Titan again, and coronal rain

26 June 2014
Astronomy

At http://phys.org/print322807085.html … anomalous amounts of nitrogen detected in the atmosphere of Titan have caused some scientists to have a rethink. Does it indicate Titan's raw materials might have been locked up in ices that condensed before Saturn was formed? The study, a collaboration between NASA and ESA, says they have found 'firm' evidence nitrogen on Titan originated in conditions similar to those of comets (assumed to have an origin in the Oort Cloud on the outer rim of the solar system). Hence, this seems to suggest that Titan's building blocks did not form within the warm disc of material thought to have surrounded the proto planet Saturn. The implication is that Titan's building blocks formed very early in the history of the solar system (published in Astrophysical Research Letters this week). The argument relies on information derived from Titan's atmosphere, a difference in nitrogen isotopes on Titan to those in the atmosphere of the Earth – which also has implications.

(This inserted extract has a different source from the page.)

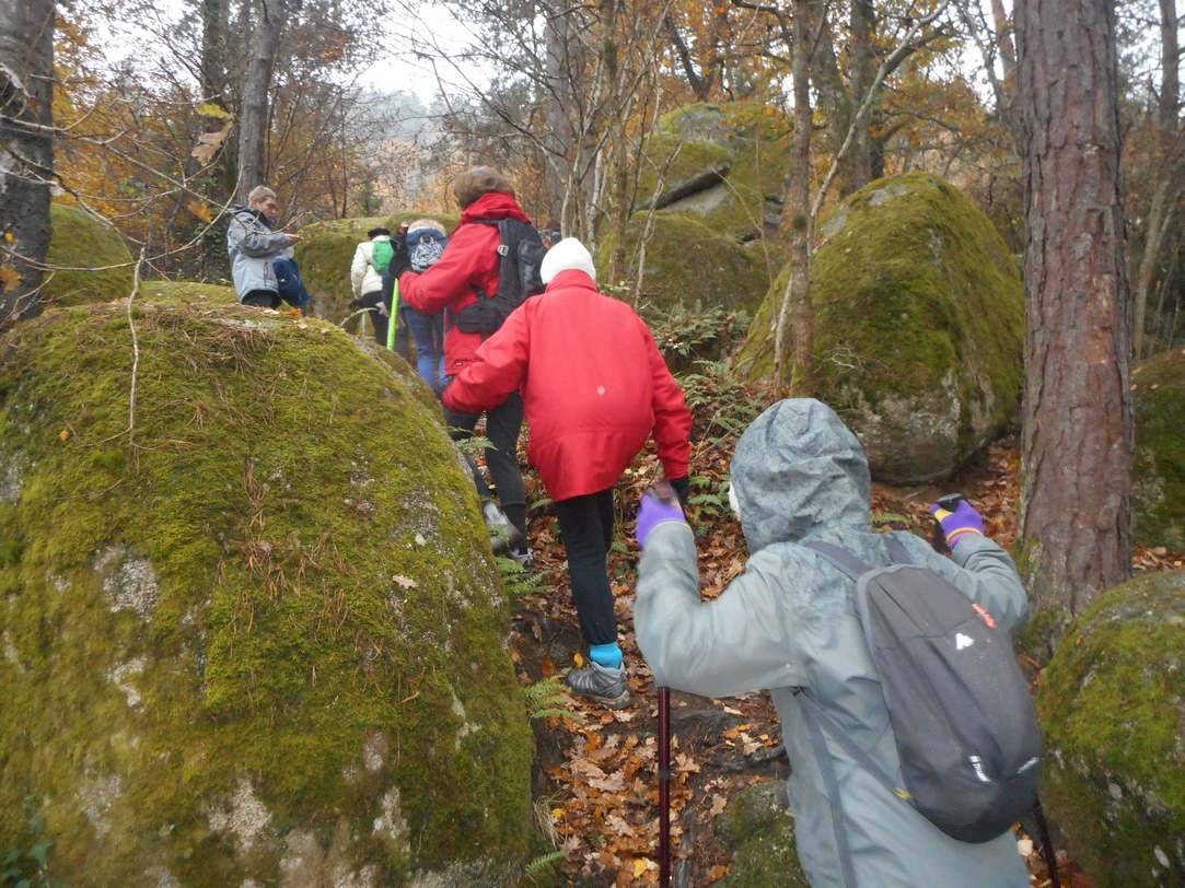 Mercredi 30 novembre : Le temps est gris mais pas notre bonne humeur en partant de Chanonat, vers le Sud puis vers l’Ouest. Nous sommes au-dessus de l’Auzon et sur l’autre versant, nous voyons la jolie chapelle qui borde la route de Varennes puis le château de la Batisse et ses jardins. Nous montons dans le bois sur la montagne de la Serre, sur le plateau, nous sommes à découvert jusqu’au grand domaine de Chagourdat dont nous admirons quelques chevaux. Nous redescendons dans la forêt et au grand carrefour de chemins et de ruisseaux, le grand arbre, dit-on, protège le site du Chaos de Flore : c’est un phénomène géologique propre au granit, impressionnant, même si pour nous il n’a plus de caractère sacré… Nous traversons l’Auzon, qui alimentait les deux moulins, Nord et Sud, de Flory, dont il ne reste que quelques ruines. Nous repartons vers l’Est, longeons un plan d’eau, traversons la route et contournons le puy de Cimard. “Fontrouge” est une source ferrugineuse sur le chemin et si les lointains sont dans la brume, nous voyons tous les villages perchés de ce paysage accidenté : La Roche Blanche, Opme, le Crest… A la descente sur Chanonat, le marché permet quelques achats gourmands ! Beau circuit, merci Claude !

At http://phys.org/print322806790.html … the Swedish Solar Telescope has revealed evidence of coronal rain showers pouring relentlessly into the dark sunspot currently on the surface of the Sun. The shower has a water fall like flow (see image at link). The rain consists of electrically charged gas (plasma). If conditions on the Sun are right, the hot dense plasma will cool and condense and will fall as coronal rain. The origin of solar coronal heating, however, remains a puzzle. The coronal rain, driven by solar flares, may play a distinct role – acting like a thermostat to regulate temperature fluctuations in the solar corona. Eamon Scullion of Trinity College in Dublin is leading the research. It all sounds a bit like the Earth's thermostat – water evaporating from the ocean (which has heated up as a result of the Sun, or  whatever) and rising into the atmosphere where it will fall as rain and cool the surface – the surplus heat being dispersed into space. Does any of the coronal rain end up being dispersed into space?